Aluminum Recollections in Nigeria

Oshogbo, in southwestern Nigeria, is a Yoruba city of several hundred thousand, where legends abound. It is said, for example, that the place was first settled about three hundred years ago by two hunters because a river goddess offered to protect all their descendants from tribal attacks in exchange for their promise not to hunt near her sacred river. There is Osun Sacred Grove, on the outskirts of the city of Oshogbo, regarded as the abode of the goddess of fertility Osun, one of the Yoruba gods, and it contains sculptures and art works in honor of Osun and other Yoruba deities. Oshogbo is now the capital of Osun State, and a major center of Yoruba arts and culture in Africa.

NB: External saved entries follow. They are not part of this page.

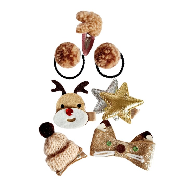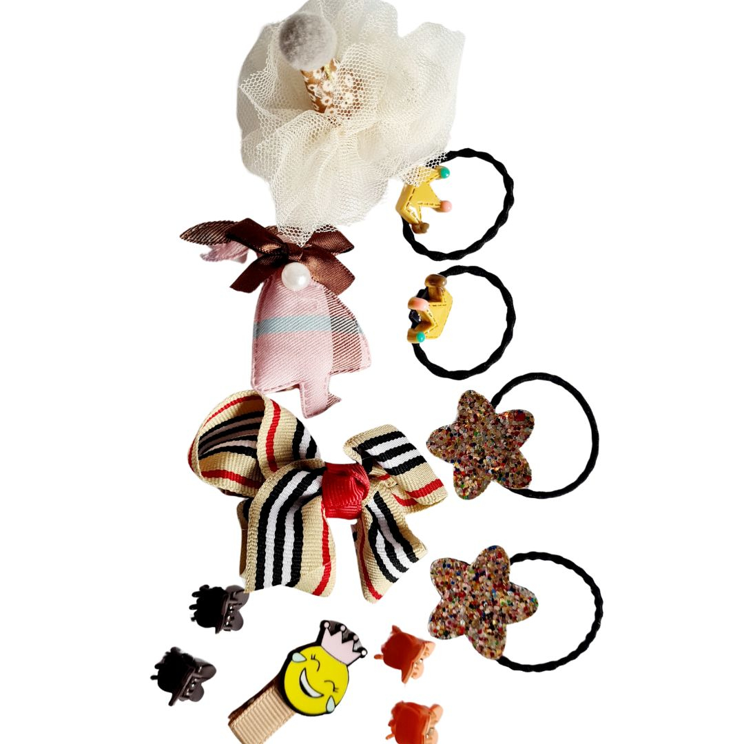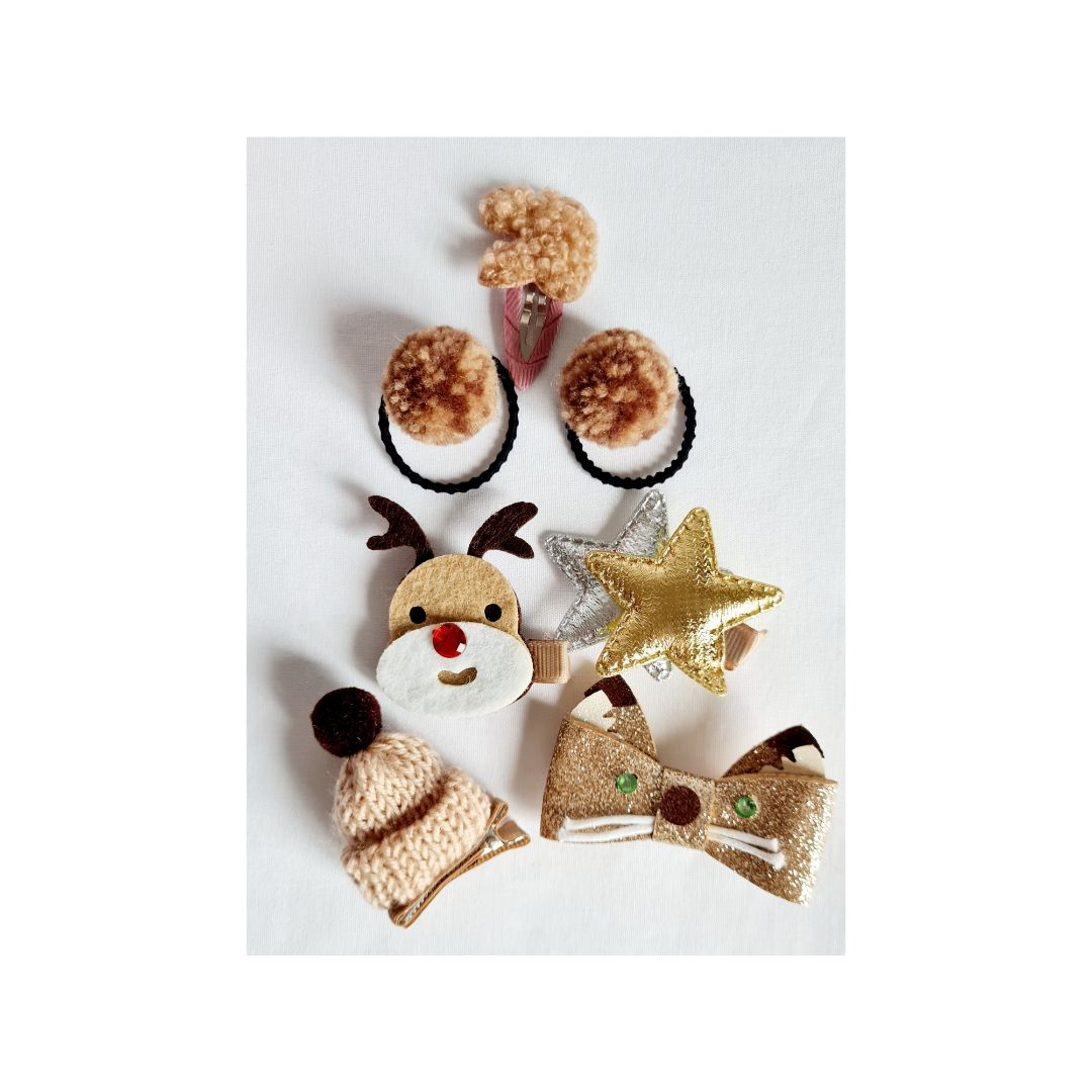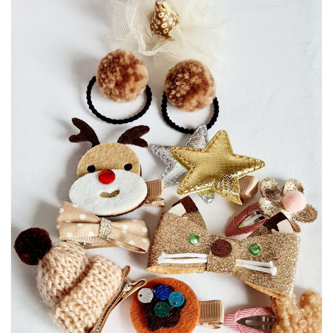 Set Auriu 24 de accesorii pentru par - DroolVin ambalate intr-o cutiuta tip gentuta de culoare roz. Cauti un cadou pentru o fetita? Ai gasit fdeja unul!Setul cuprinde 6 elasice de par, 4 agrafe de par micute si 14 clame in nuante de rosu cu forme si materiale diferite: ren, stele, caiulita, fundita, ciucuri, etc.Culoare: predominant bejMaterial: Poliester, PVC. metalVarsta: 3-6 ani
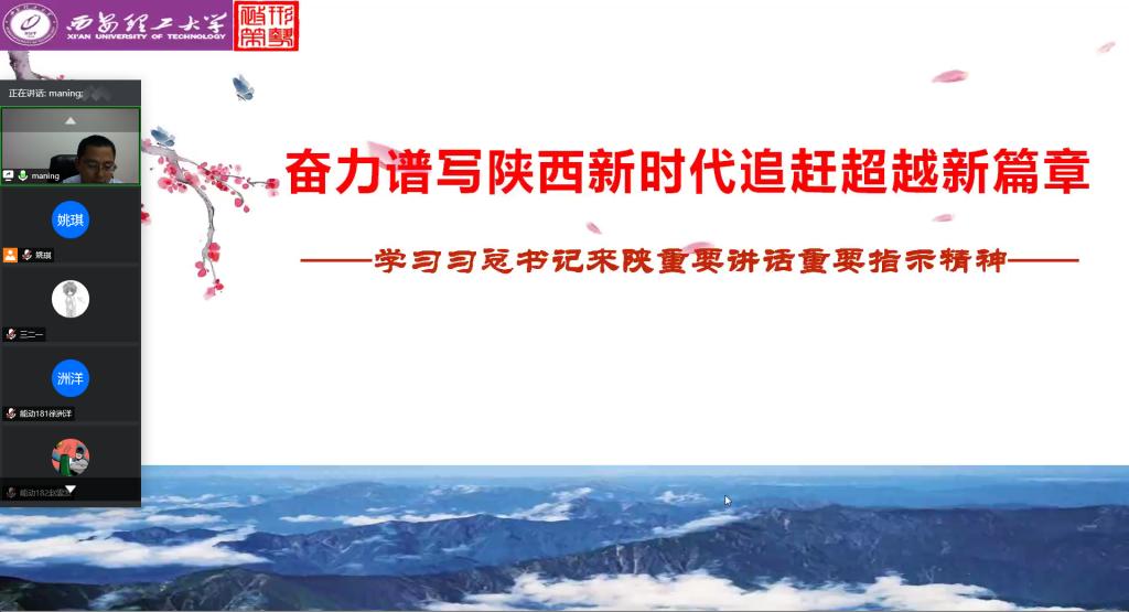 5月26日晚,公司党委副书记马宁利用网络平台线上为williamhill员工讲授了主题为《奋力谱写陕西新时代追赶超越新篇章——学习习近平总书记来陕视察重要讲话和指示精神》的形势与政策课。
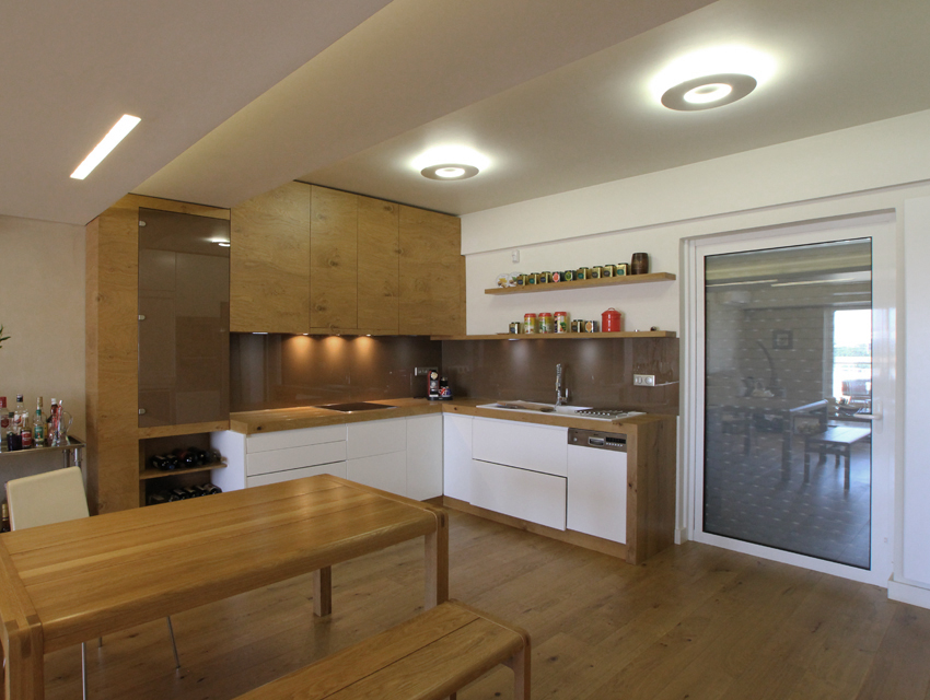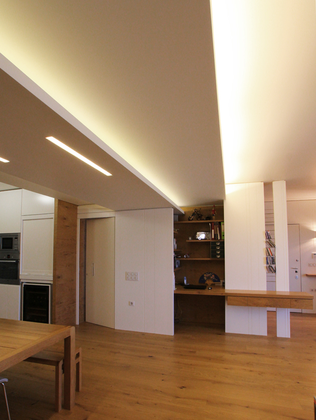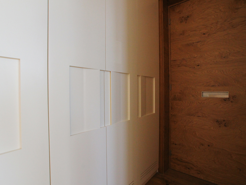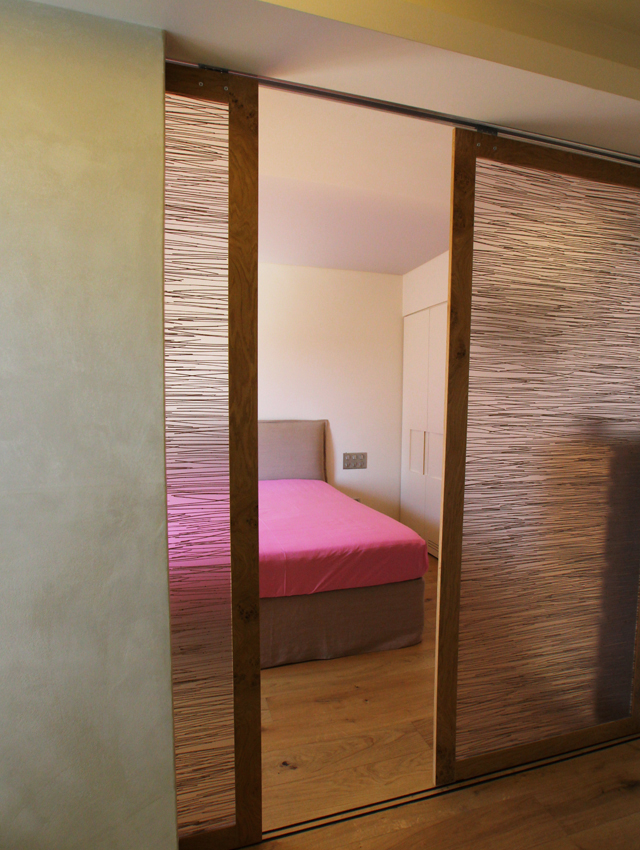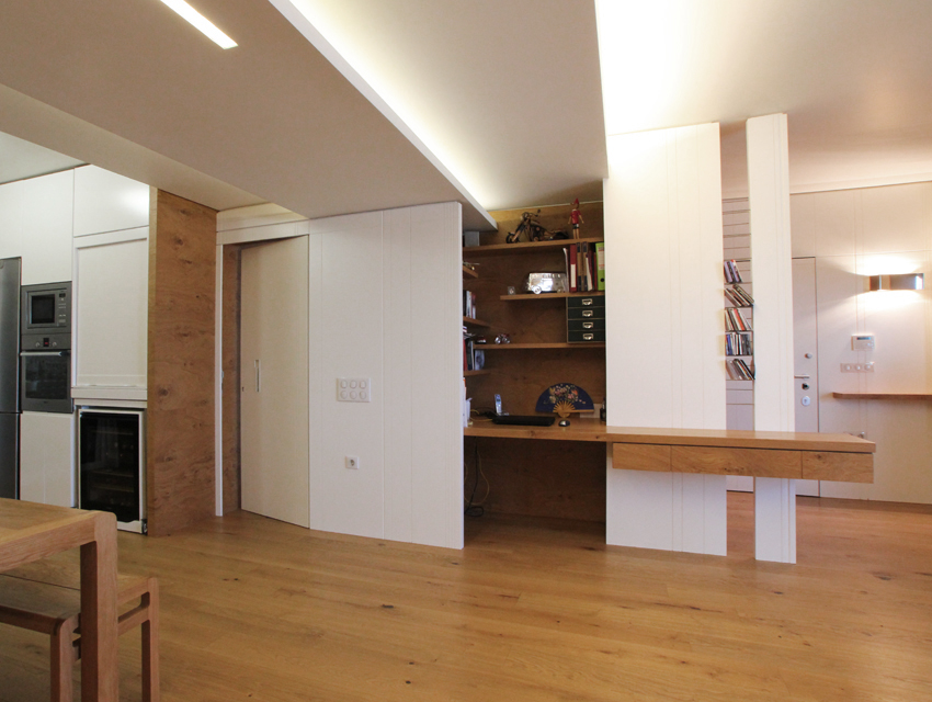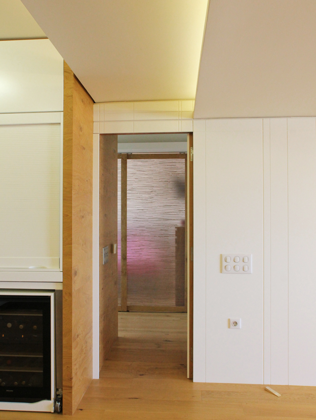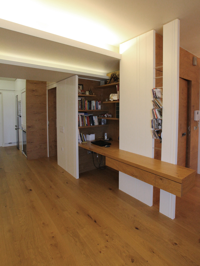 This undertaking entailed the interior design of a three bd apartment in a newly built block of flats. The client’s wish was the conversion of a three bd flat into a 2 bd one which included an en-suite master bathroom. This was based on the major concern of allocating more space to the living areas. In the context of this endeavour, journeys to Thailand became the guiding inspiration in terms of the use of materials and the general atmosphere that was to be evoked by the flat. Moving within this concept, wide rough oak planks were the primary material used for the floor and furniture fittings. The emerging need to counteract the intense effect of the wood led to the use of white semi-gloss surfaces for the rest of the fittings, positioned in vertical direction to the wooden ones. Furthermore, use was made of an ecological special cement finish for the walls and the main bathroom floor. In a bringing together of aesthetics and functionality, two sliding panels, made of bamboo sticks and resin, were used to separate the bedroom from the en-suite bathroom. Additionally, all doors were designed with hidden hinges, creating the visual effect of them being part of the wall coverings. The colour scheme of the space follows the subtle tones of linen and sand. Finally, the overall design led to the creation of an airy, bright, cosy space, which is tinted with natural colors and textures.

Suzanne Wenger, an Austrian artist, arrived here in the 1950s and helped refurbish the sacred shrine at Osun Grove, together with local Yoruba people. She was absorbed into the Yoruba community, became one of the wives of a local artist, and eventually a priestess. When I visited Oshogbo in 1975, it was a smaller place but already a center for art and culture. Suzanne had helped and encouraged many artists, and the work, which was only partly African, was developing a name beyond Nigeria. Much of it at the shrine and outdoor display was in the form of mud sculptures, but there were many other items in the shops and galleries of the town. I purchased a picture made on cloth with palm leaf quills and ink, by Twins Seven Seven (so called as the only survivor of a family of seven sets of twins). It shows the trickster god Esu diverting Ogun, the god of iron, with palm wine. Unknown to me Twins had already shown his work abroad and his work is now in museum and private collections around the world, including the Smithsonian Institution and the Philadelphia Museum of Art, and in 2005 he was named the UNESCO Artist for Peace. Today the Osun Festival draws tourists from all over the world to celebrate “sacred people and sacred places.”

During my visit in 1975 I also purchased an aluminum picture. I had never seen one until I saw the room full of them in Oshogbo. The metal, which often derives from scrap, is first beaten flat. Then, with a variety of implements, especially a punch, designs are beaten into it. The works were by Asiru Olatunde, another modern artist of fame from Oshogbo. The background of my picture is marked by a continuous pattern made with the imprint of the punch, leaving the items of the picture rising silvery smooth, so that the end result is a kind of bas-relief. My picture is in four parts. Top left shows three men drinking palm wine in a simple hut and the top right depicts a man carrying palm sap in a large jug and another carrying produce in a basket through the forest. I assume the jug contains palm wine or the sap that is to become palm wine. The bottom left panel has a man cutting the trunk of the palm to initiate the flow of sap from which wine is made. The final panel shows two women grinding cassava into flour. Each has a giant pestle above the single huge mortar, and this scene takes me right back to Nigeria. The thump of two pestles as women bring them down in the mortar in regular alternation is the sound of a Nigerian village for me.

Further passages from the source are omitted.